The following code fails to compile (Godbolt link):

#include <concepts>

template <class Fn>
decltype(auto) g(Fn&& fn) { return fn(); }

template <typename T>
requires(std::integral<T>) int f() { return 0; }

template <typename T>
int f() { return 1; }

int main() {
  f<int>();
  f<void>();
  g(f<int>); // error: invalid initialization of non-const reference of type 'int (&)()'
             // from an rvalue of type '<unresolved overloaded function type>'
  g(f<void>);
}

It seems unexpected to me that the overload resolution succeeds when calling f<int>() (selecting the constrained version as a better match than the unconstrained version) but fails when passing f<int> as an argument.

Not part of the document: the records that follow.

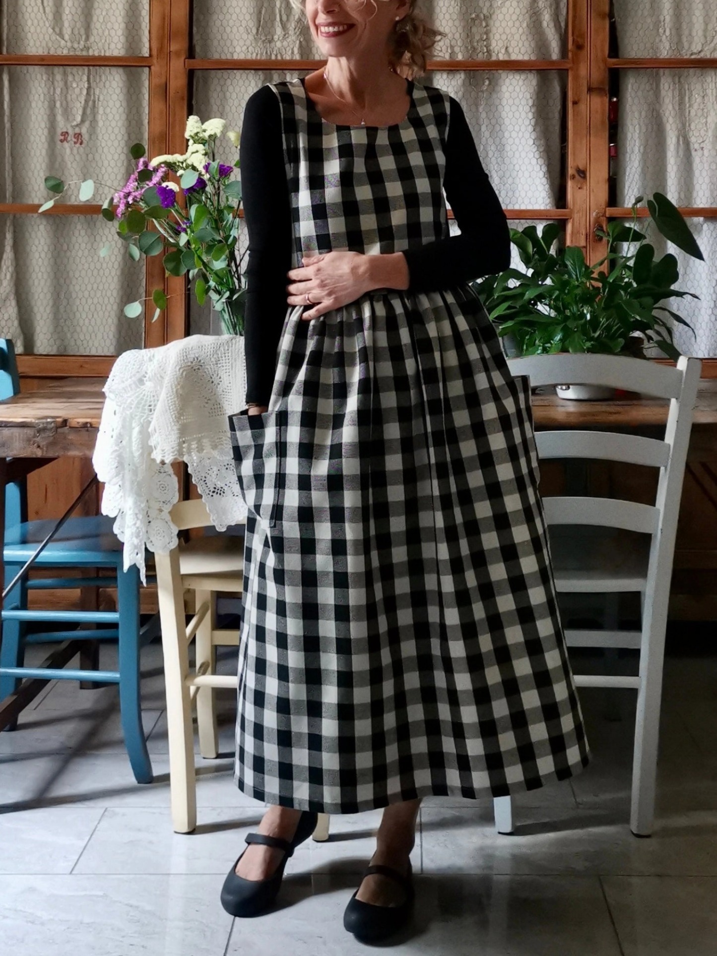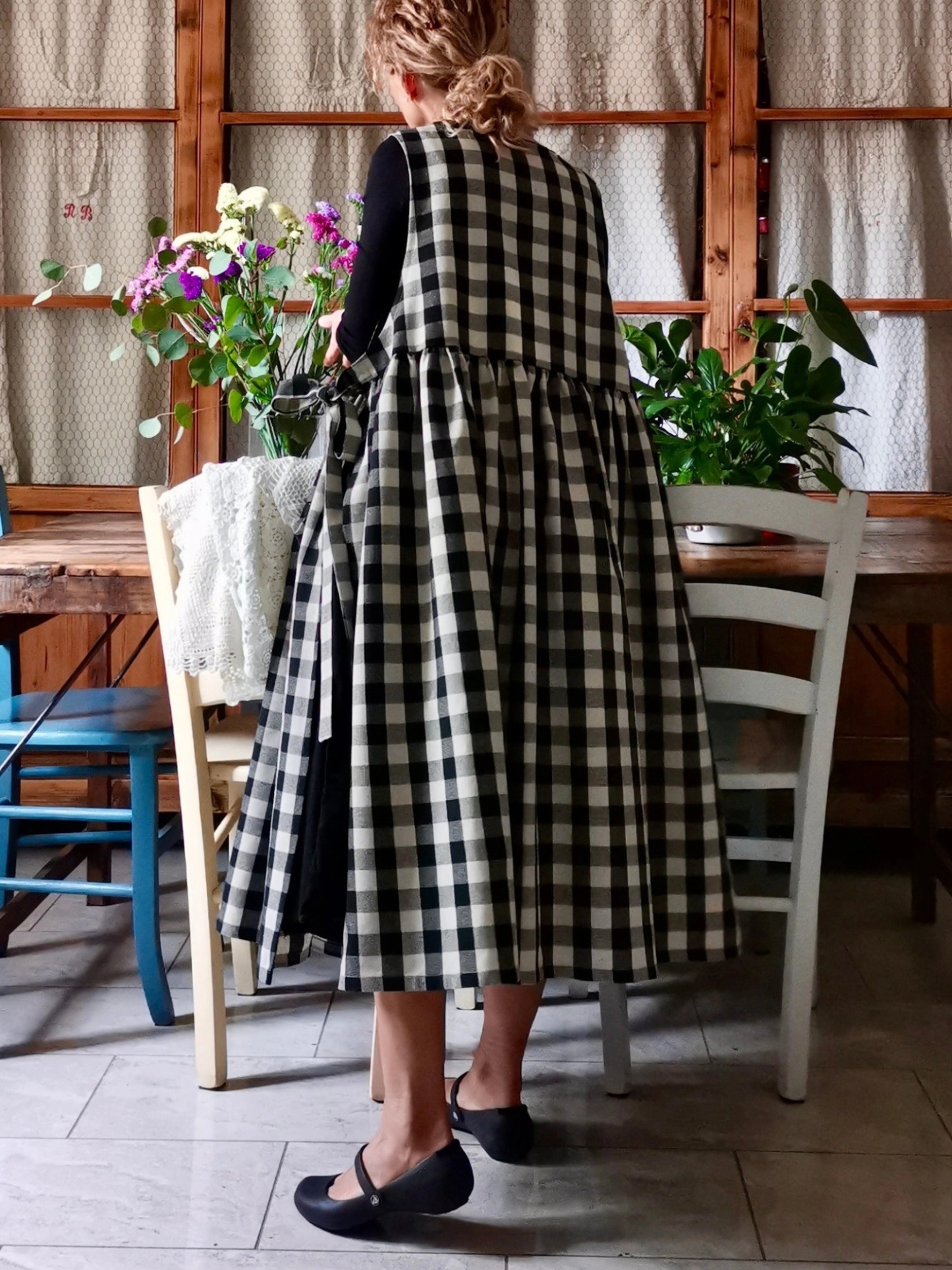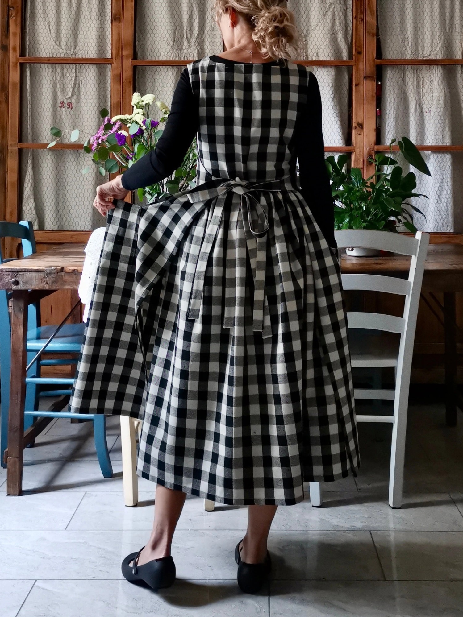 The Black Checked Apron (Ref. 396) is a professionally crafted kitchen essential that combines timeless style with practical functionality for the discerning home cook or culinary professional. Featuring a classic black and white checked pattern that complements any kitchen decor, this durable apron is constructed from high-quality materials designed to withstand daily use while maintaining its crisp appearance. The thoughtfully designed coverage provides comprehensive protection for clothing during food preparation, cooking, and cleanup activities, while adjustable ties ensure a comfortable and secure fit for users of various sizes. Its versatile design makes it equally suitable for home cooking enthusiasts, professional chefs, or anyone engaged in kitchen activities who values both protection and style. The neutral color palette effectively conceals stains and spills while the checked pattern adds a touch of traditional charm that aligns with American culinary aesthetics. This apron represents an ideal balance of form and function, making it an indispensable addition to any well-equipped kitchen environment where quality and reliability are paramount.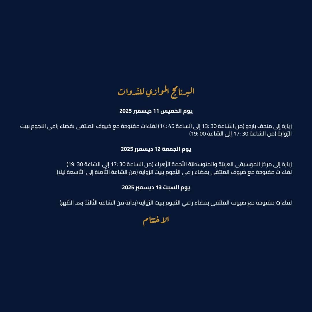 والجدير بالذكر أن حفل الافتتاح سيكون يوم الأربعاء 10 ديسمبر 2025 على الساعة الخامسة مساء بمسرح المبدعين الشبان بمدينة الثقافة الشاذلي القليبي بتقديم عرض فني موسيقي بعنوان "حلم" برعاية مسرح الأوبرا لتتواصل أشغال الملتقى إلى غاية يوم السبت 13 ديسمبر 2025 بدار الكتب الوطنية.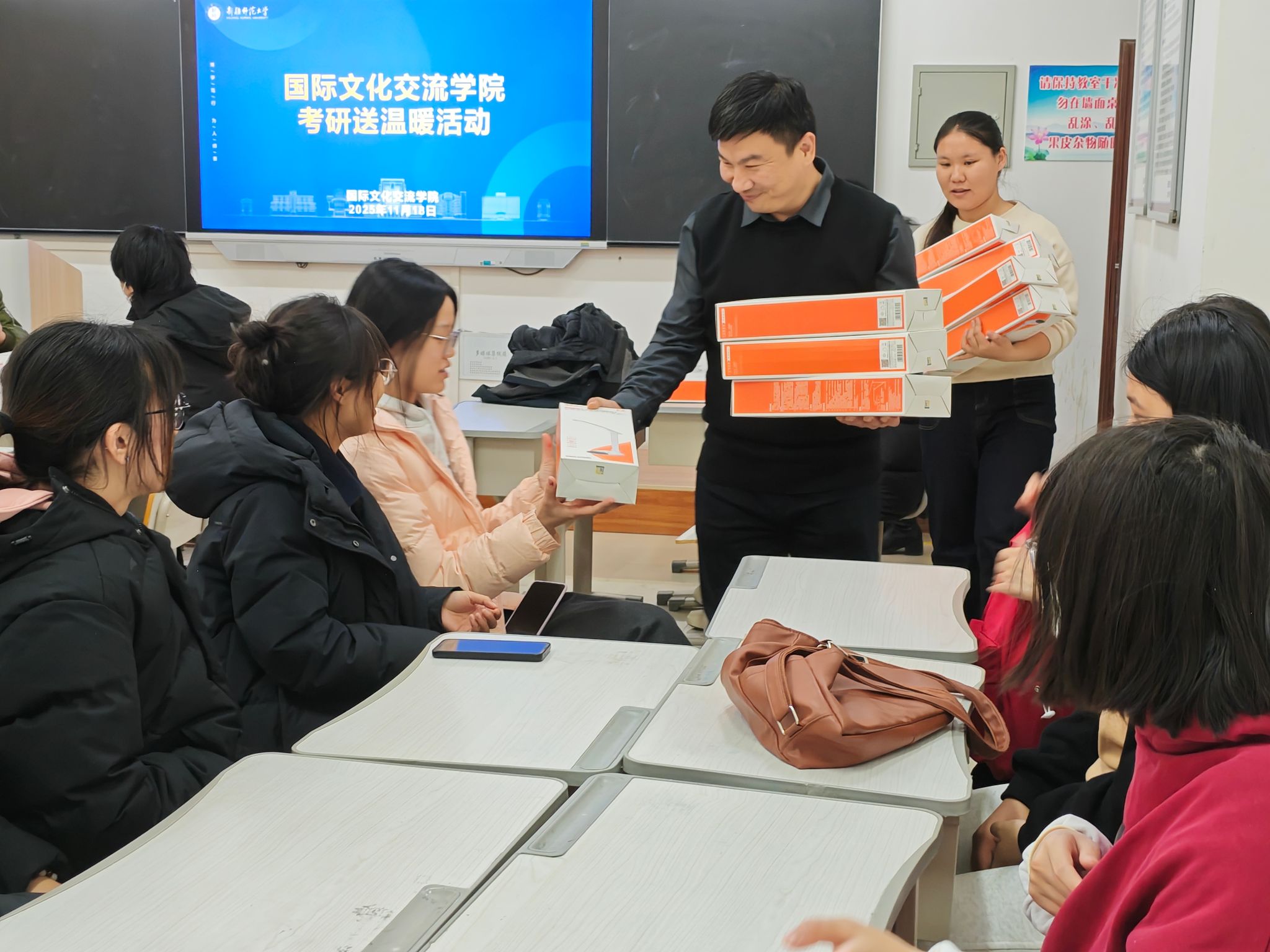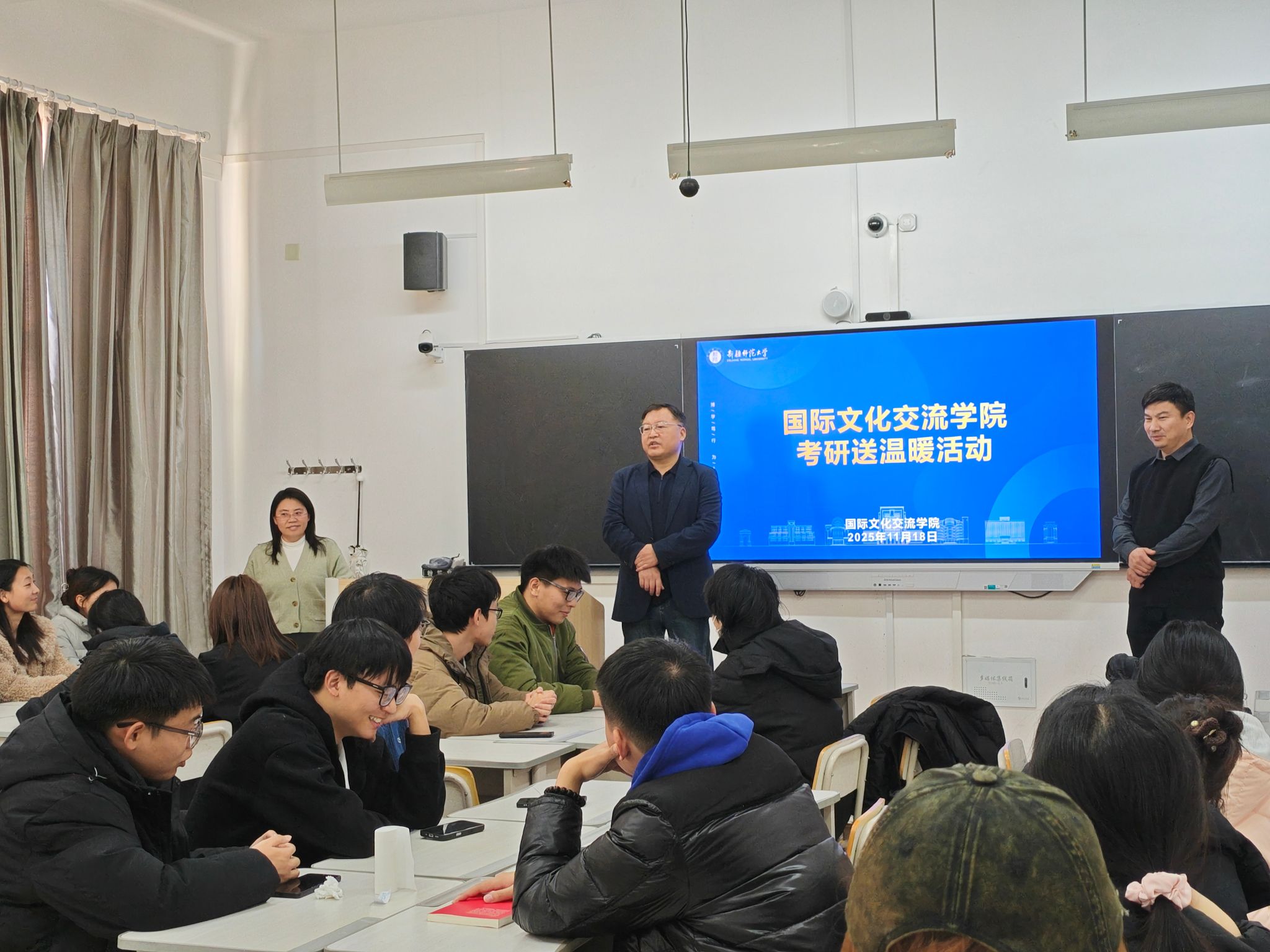 在二号教学楼310室为2026届考研人独家定制了一场“暖心充电”行动,学院党委副书记王辰、副院长刘伟乾和胡炯梅教授齐聚现场,为正在冲刺的考研人送上暖心关怀和能量补给!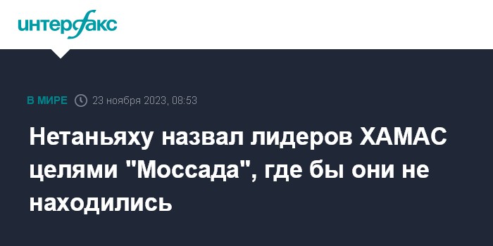 Москва. 23 ноября. INTERFAX.RU - Премьер-министр Израиля Биньямин Нетаньяху поручил разведслужбе "Моссад" принимать меры против лидеров террористической группировки ХАМАС, где бы те ни находились. Как пишет Jerusalem Post, премьер сообщил об этом журналистам.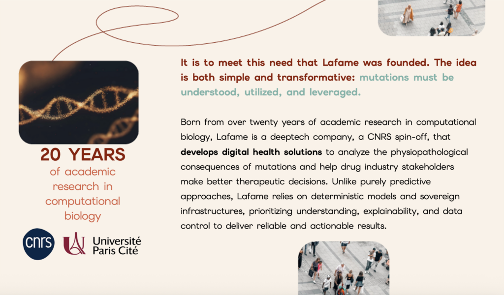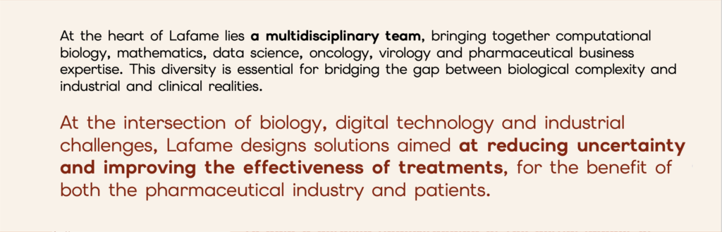 Lafame company, expert in digital prediction, focuses on optimizing therapeutic solutions. Initially, it developed a cutting-edge BigIA technology, combining patient data, Big Data and AI, to minimize therapeutic escape. On the strength of virology results consolidated by several POCs, it created a breakthrough innovation: the first universal digital twin in oncology, enabling personalized therapy.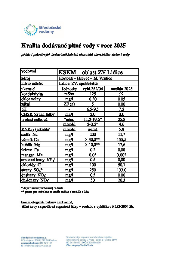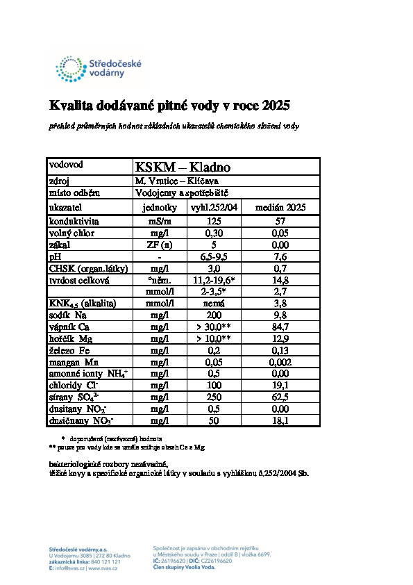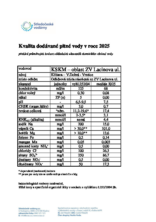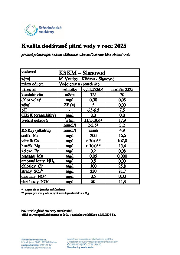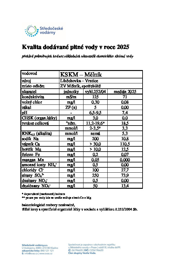 Úvod Vše o vodě Pitná voda Kvalita vody Kvalita vody - roční průměr za rok 2025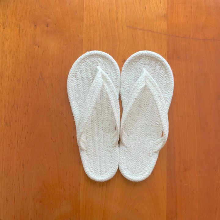 鼻緒タイプのルームサンダルです。スリッパのように足を覆わないので、涼しく気持ちがよいです。特にお風呂上りや夏場にはサラッと履けて重宝しています。丸ごと洗濯もできますので、いつも清潔に掃くことができます。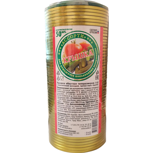 Изготовлена из белой жести, покрыта пищевым лаком. По внутреннему ободку крышки проходит резиновое пищевое уплотнительное кольцо для герметичного закрывания банки. Крышка полностью соответствует требованиям ГОСТ Р 51214-98 П.4.1., сертифицирована, прошла все необходимые санитарно-эпидемиологические исследования.
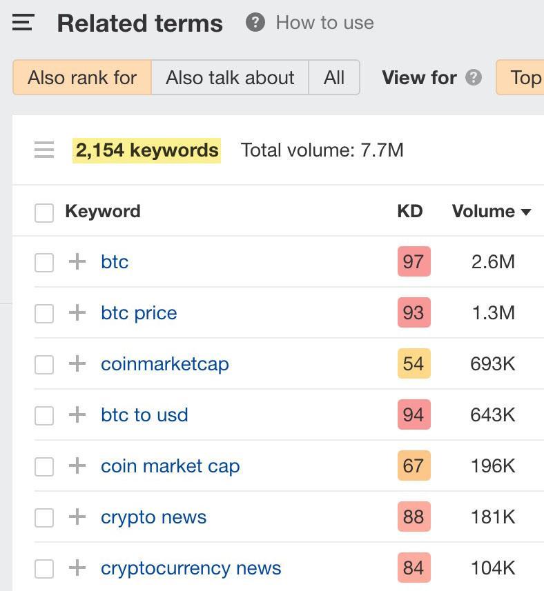 Você também pode querer ver o relatório de termos relacionados no Explorador de Palavras-chave, que mostra palavras-chave de alguma forma relevantes para a palavra “bitcoin”, mas não necessariamente contêm essa palavra nelas mesmas: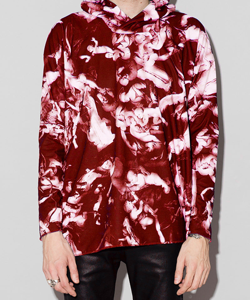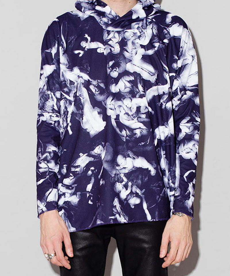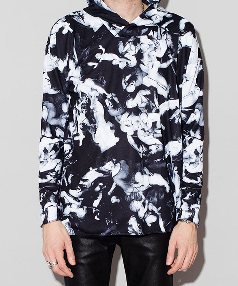 宗教柄プリントプルオーバーパーカー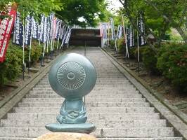かなり広い駐車場に到着するも、1台も止まっていない・・・。しかもさらに参道があり、敷地もやたら広い。間に合わないかと思ったけど、ダメ元で行ったらなんとか間に合った。目の薬師さんってことで参道に目玉の親父があちこちに。 |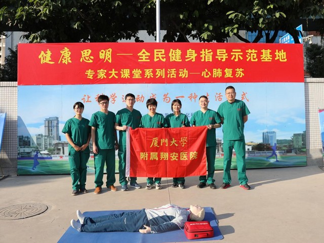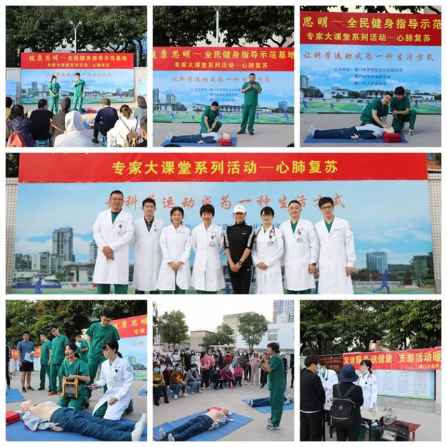 秋冬季节是心血管呼吸系统疾病的高发期,为增强广大市民面对危及生命健康紧急情况的应急处置能力,12月5日下午,厦门市思明区文化和旅游局携手厦门大学体育教学部党委、厦门大学附属翔安医院党委在“健康思明——全民健身指导示范基地”联合打造“专家大课堂”系列活动之心肺复苏。基地负责人、厦大体育教学部体操党支部书记赵秋爽老师、厦大翔安医院国家临床教学培训示范中心、机关第三支部党员张莉莉老师及来自各个党支部、临床科室的医务人员组织开展了一场别开生面的急救知识普及活动。活动开始前就接到了50余名市民的报名,活动现场更是人山人海,气氛热烈。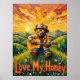 Este trabalho de arte imaginativo mostra um urso, um verdadeiro artista "Pastoral Pickin" com capacete de bombeiro e óculos de sol, tocando captivelmente um violão acústico em um campo de flores silvestres. Um vale beijado ao sol e colinas rolantes formam o pano de fundo pitoresco, com um pote de mel perto. A vibrante e texturizada cria uma atmosfera poderosa e caprichosa, fazer esta cena do "Love My Honey" verdadeiramente inesquecível.

Note that changing the unconstrained version to a disjoint constraint does make it compile (Godbolt link):

#include <concepts>

template <class Fn>
decltype(auto) g(Fn&& fn) { return fn(); }

template <typename T>
requires(std::integral<T>) int f() { return 0; }

template <typename T>
requires(!std::integral<T>) int f() { return 1; }

int main() {
  f<int>();
  f<void>();
  g(f<int>);
  g(f<void>);
}

So is the compiler behavior correct? And if so, is this an inconsistency in the standard, or is it intended to work this way?

Answer 1

It seems that neither GCC nor Clang has fully implemented the rules for forming pointers to constrained functions: [over.over]/5 definitely considers constraint ordering in choosing an overload. There were some late changes to these, although they’re just as relevant to the disjoint-constraints case as to the unconstrained case.